Edita Schubert led a dual existence. For more than three decades, the artist from Croatia worked at the Anatomy Institute at the medical school of the University of Zagreb, precisely illustrating human anatomical specimens for textbooks for surgeons. In her private atelier, she produced art that eluded all labels – often using the very same tools.
“She created these highly accurate, technical drawings which were used in surgical handbooks,” explains a director of a current show of Schubert’s work. “She was right in the middle of that practice … She showed no hesitation in the presence of dissections.” Her anatomical drawings, notes a exhibition curator, are continually used in textbooks for medical students currently in Croatia.The Intermingling of Dual Vocations
Having two professional lives was not uncommon for creatives in the former Yugoslavia, who seldom could rely on art sales. But the way these two worlds bled into each other was. The surgical blades for precise cuts on bodies were transformed into tools for cutting fabric. Adhesive tape intended for bandages bound her fragmented pieces. Laboratory tubes commonly used for samples transformed into containers for her life story.
A Frustration That Cut Deep
In the early 1970s, Schubert was still creating within the limits of classic art. She crafted precise, ultra-realistic arrangements in oil and acrylic of confectionery and salt and sugar shakers. Yet, irritation had been festering since her training. While studying at the fine arts academy in Zagreb, the curriculum mandated life drawing. “I needed to drive the blade into the painting, it genuinely irritated me, that stretched surface I was forced to communicate upon,” she later told an art historian, one of the few people she ever granted an interview. “I used the knife to pierce the canvas, not a paintbrush.”
The Act of Dissection Becomes Art
That year, this desire became a concrete action. The artist created eleven sizable paintings. Each was coated in a single shade of blue before taking a medical scalpel and executing numerous intentional, accurate incisions. Afterwards, she peeled back the severed canvas to reveal its reverse, producing pieces recorded with clinical accuracy. Marking each with a date highlighted their status as performances. In one 1977 series of photographs, titled Self-Portrait Through a Sliced Painting, she inserted her features, hair, and digits through the openings, turning her own body into artistic material.
“Absolutely, my work possesses a dissective quality … dissection akin to a life study,” the artist replied when asked about their meaning. According to a trusted associate and academic, this statement was illuminating – a hint from a creator who seldom offered commentary.A Dual Existence, Inextricably Linked
Croatian critics have tended to treat Schubert’s two lives as entirely separate: the pioneering creator in one sphere, the technical draftsman funding her life in the other. “I have always believed that these two identities were profoundly intertwined,” notes a close friend. “One cannot be employed for three decades in an anatomy department daily for hours on end and remain untouched by the environment.”

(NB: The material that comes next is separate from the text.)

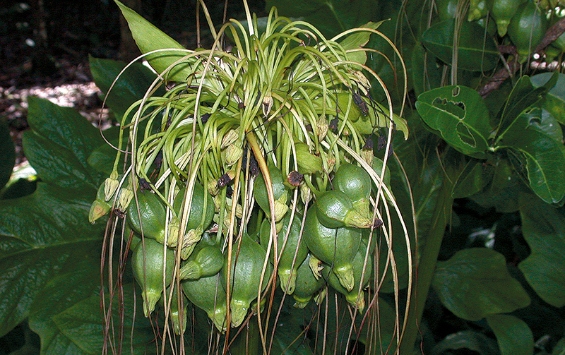 เท้ายายม่อม: ใบประดับรูปใบหอก ใบประดับย่อยรูปเส้นด้าย ติดทน ผลเป็นสัน (ภาพ: ราชันย์ ภู่มา, ปรีชา การะเกตุ)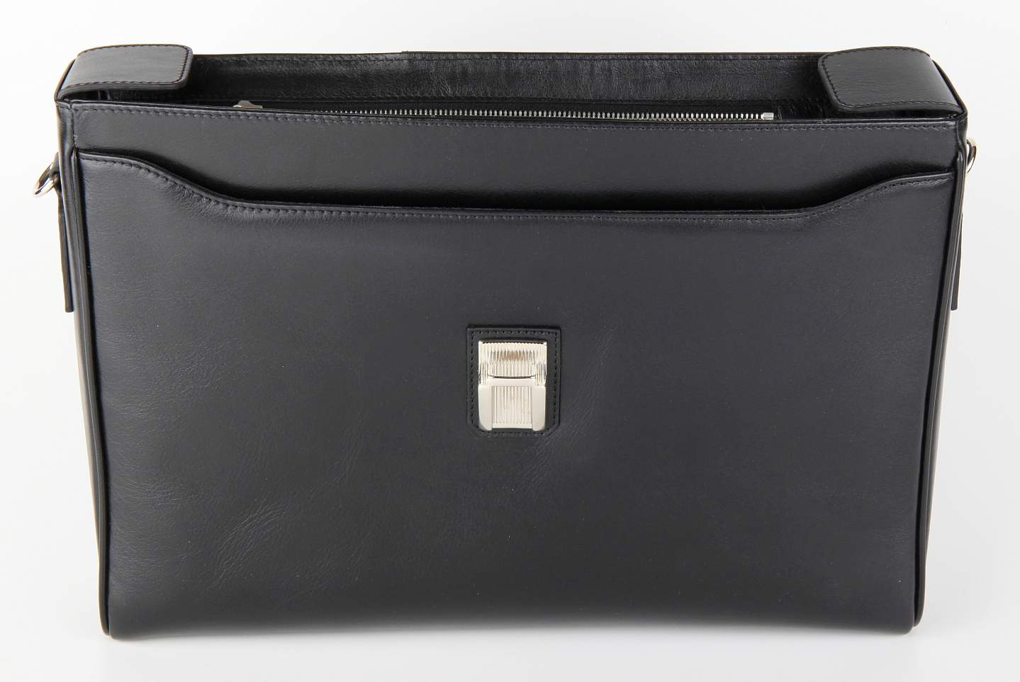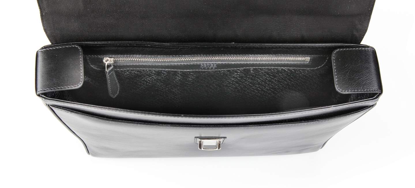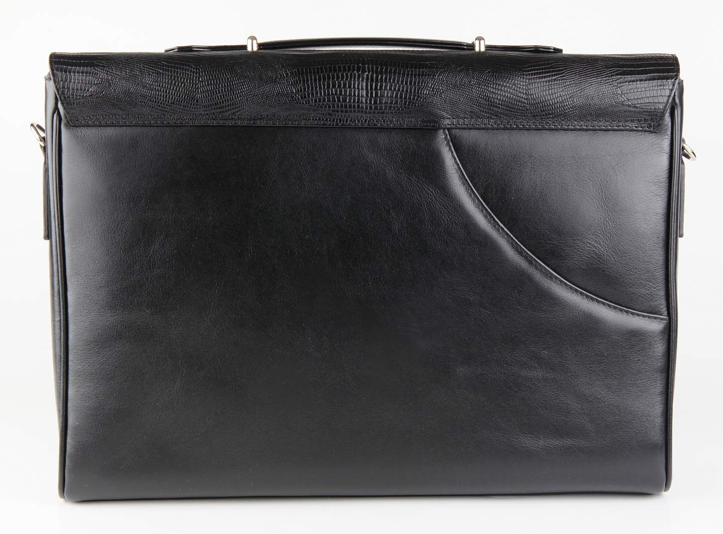 Стильный мужской портфель выполнен из натуральной кожи. Портфель закрывается при помощи клапана на металлический замок. Внутри имеет одно вместительное отделение, содержащее карман на застежке-молнии. Под клапаном расположен карман для бумаг. На задней стенке портфеля расположен дополнительный карман для бумаг. Портфель оснащен удобной ручкой, в комплекте текстильный чехол для хранения и съемный плечевой ремень. Этот стильный аксессуар станет изысканным дополнением к вашему образу. Портфель упакован в коробку с фирменным логотипом.

Anatomical Echoes in Geometric Shapes
A key insight from a ongoing display is how it maps these clinical themes in pieces that initially appear purely non-representational. During the middle of the 1980s, she made a collection of angular works – trapezoidal forms, as they were later termed. Yugoslav critics lumped them into the fashionable neo-geo movement. Yet, the actual inspiration was found subsequently, while examining her personal papers.

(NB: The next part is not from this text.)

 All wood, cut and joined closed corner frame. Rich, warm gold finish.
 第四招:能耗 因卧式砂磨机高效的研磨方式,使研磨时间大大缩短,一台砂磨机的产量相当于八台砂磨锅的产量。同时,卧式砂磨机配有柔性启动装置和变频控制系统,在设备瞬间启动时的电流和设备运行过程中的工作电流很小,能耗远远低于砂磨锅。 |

“I inquired, how are these shapes created?” recalls a friend. “Her response was straightforward: it's a human face.” The signature tones – what colleagues called “Schubert red” and “Schubert blue” – were identical tints she’d been using to illustrate the two main arteries of the neck for a surgical anatomy textbook employed throughout European medical schools. “I realised that those two colours appeared at the same time,” the account notes. The geometric abstractions were, in fact, highly stylised human bodies – executed alongside her daily technical illustration work.
Embracing Ephemeral Elements
During the transition into the 1980s, her creative approach changed once more. She started making assemblages from twigs secured with hide. She positioned gatherings of osseous material, floral remains, seasonings and cinders. When asked why she’d shifted to such organic materials, she expressed that the art world had become “barren theoretically”. She was driven to cross lines – to engage with truly ephemeral substances as a response to art that had metaphorically withered.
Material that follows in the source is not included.